Version: 7.1 (7.100.0.1966)(64-bit)
This question seems to have been asked many times over, but I am so new to SAS that it's difficult for me to apply solutions that are geared toward even slightly different scenarios.
I would like to convert a spreadsheet of given employee-manager relationships to a data set that gives all employees that report through each employee. Each step down the management pathway would be recorded as a lesser "Levels from Reference". I've attached a sample Excel spreadhseet to illustrate what I'm probably doing a poor job of describing!

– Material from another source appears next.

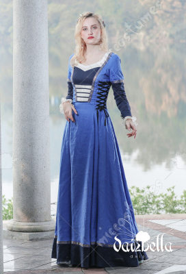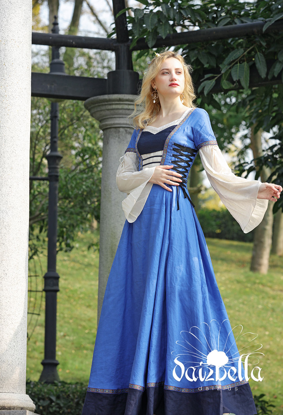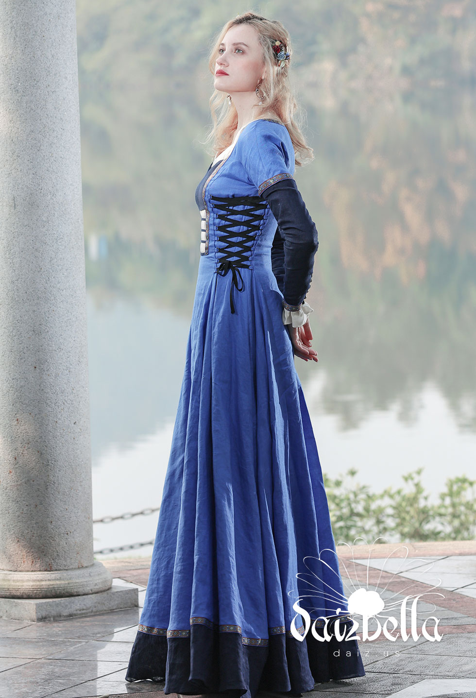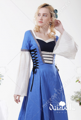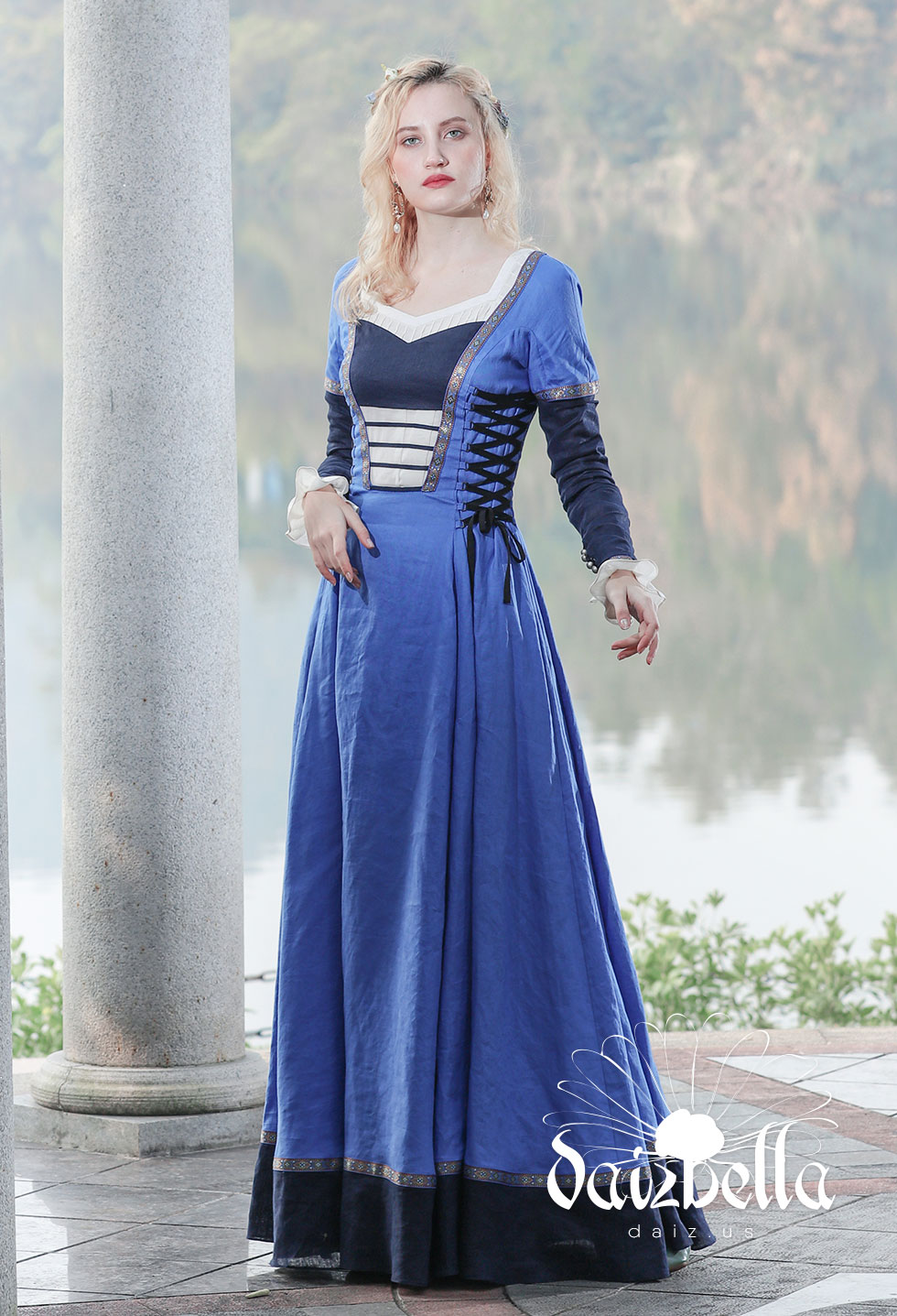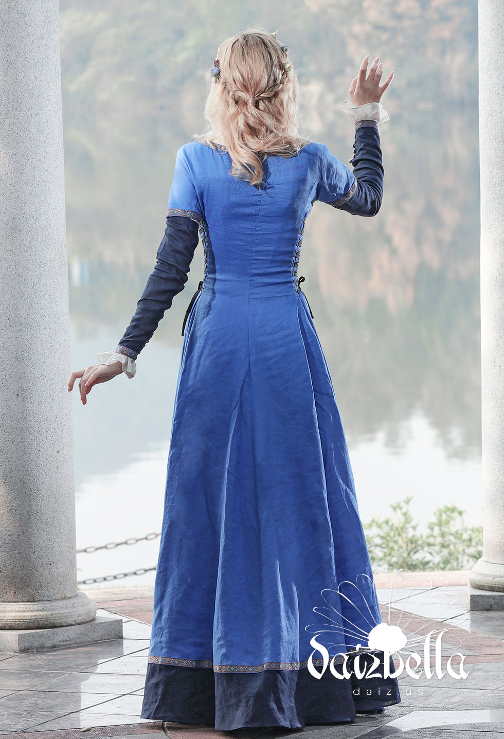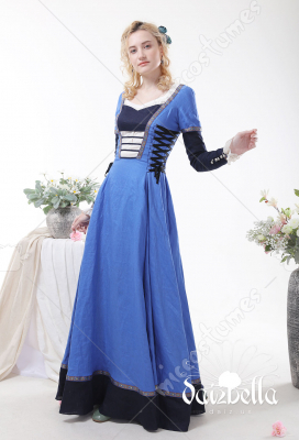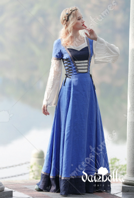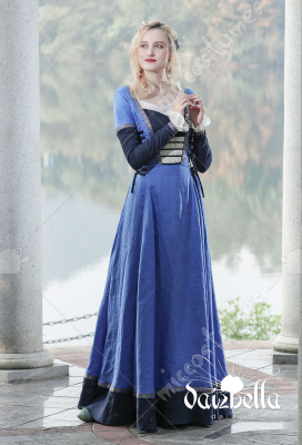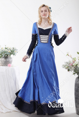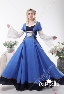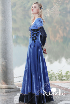 • It's inspired by the popular look and silhouette of wearing in Middle Ages. The retro color and the classic embroideries make the delicate dress. The noble and mysterious blue adds some luxurious sense to the dress and is full of charm.

Any help would be greatly appreciated!
Many users here don't want to download Excel files because of virus potential, others have such things blocked by security software. Also if you give us Excel we have to create a SAS data set and due to the non-existent constraints on Excel data cells the result we end up with may not have variables of the same type (numeric or character) and even values.
The first step would be to read some data into SAS, likely one set that describes the relationships manager/subordinates and then the employee data. Have you accomplished that?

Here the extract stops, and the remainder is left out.